Josephine Macalister Brew was born Mary Winifred Brew in Llanelli, Wales, the daughter of Frederick Charles Brew, a boot and shoe dealer. She studied history at the University of Wales, Aberystwyth, and graduated in 1925, after which she became a history teacher at Shaftesbury High School for Girls, Dorset. In 1932, Brew moved to Cardiff to study for her Doctor of Law.

In Cardiff, Brew began her lifelong involvement in youth and community work, working with the Butetown Women and Girls' Club, and South Wales educational settlements. She later became a youth officer in Lincoln, where she acted as secretary of the Lincoln Federation of Girls Clubs. Subsequently, Brew served on the executive committee of the National Association of Girls' Clubs (later the National Association of Girls' Clubs and Mixed Clubs) for whom, following a comparatively short period as youth officer for Oldham, she was appointed Education Secretary in 1942. Among her colleagues there were Eileen Younghusband and Pearl Jephcott. The National Association of Girls Clubs and Mixed Clubs boasted, in 1944, 108,000 affiliated clubs, described as 'a training-ground for citizenship, giving a foretaste of the responsibilities and joys of an adult life, as well as an experience of community life.' Brew herself was a vocal advocate of mixed clubs, arguing for their benefits to young people and the society in which they lived.

Brew also played a key role in creating the pilot Girls' Award (launched in 1958), part of the Duke of Edinburgh's Award scheme, initiated two years earlier in 1956.

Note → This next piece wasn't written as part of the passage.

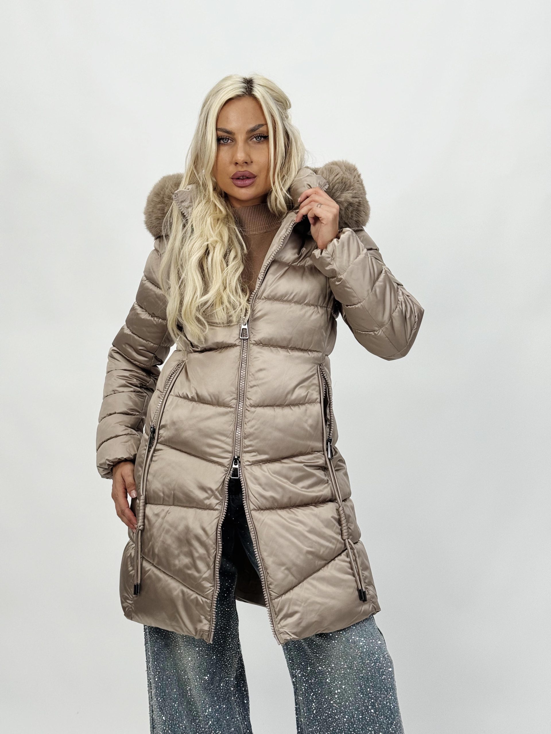 Această jachetă este perfectă dacă îți dorești un echilibru între funcționalitate și eleganță. Lungimea 3/4 oferă protecție sporită, iar blana detaliată adaugă un plus de feminitate și rafinament.

As well as active youth work, Brew was a sought after speaker, and contributor to numerous publications. These included pieces for the Times Educational Supplement, as well as national newspapers. Brew's writing has been described as having 'a characteristic flowing style that moves between erudition and the plain talking of a sensible aunt.'

== Philosophy ==

Brew believed that society had a responsibility to prepare its young people for their role as future citizens in a rapidly changing world. In 'Why Clubs at All?' (1943), she argued that:

They are the citizens of tomorrow, and to them the community has a double responsibility. Firstly, to provide each one of them with the possibilities of full and harmonious development, and secondly, to try to ensure that they are fitted to be members of the community of the future.

In her preface to Informal Education, published in 1946, Brew wrote: Perhaps nothing will matter more in the next fifty years than the ability of the common man to adapt himself to the changing world - a world in which material prosperity may be just around the corner, but where there are still vast acreages of barren land in the intellectual, emotional and spiritual field. For Brew, the function of youth work was educating 'individual personalities with powers of judgment who will indulge in group living in the service of a social ideal'. She believed that involvement in youth clubs, and opportunities for association with others, would best equip young people for the requirements of active citizenship; that 'it is in the interplay of social relationships that real and full individuality is attained'. This preparation would act as a counterbalance to a society in which, Brew wrote, 'we educate our children for the first fourteen years of their life as though there were no such thing as industry, and then surrender them to industry as though education had never been.'

Brew also believed that, in light of 'much social injustice and many intolerable circumstances', the aim of club leaders should be social reform. In Clubs and Club Making, she argued that:If young people are to become fully alive to their own powers and capable of being responsible members of society, social conditions must not exist which make that almost impossible. Thus the club leader must constantly seek to persuade the wider community to fit itself to be the kind of society in which these young people can grow up to enter into full citizenship.

== Death and legacy ==
Josephine Macalister Brew died on 30 May 1957 at Woodford Green, Essex. A funeral service was held at the City of London Crematorium on 3 June.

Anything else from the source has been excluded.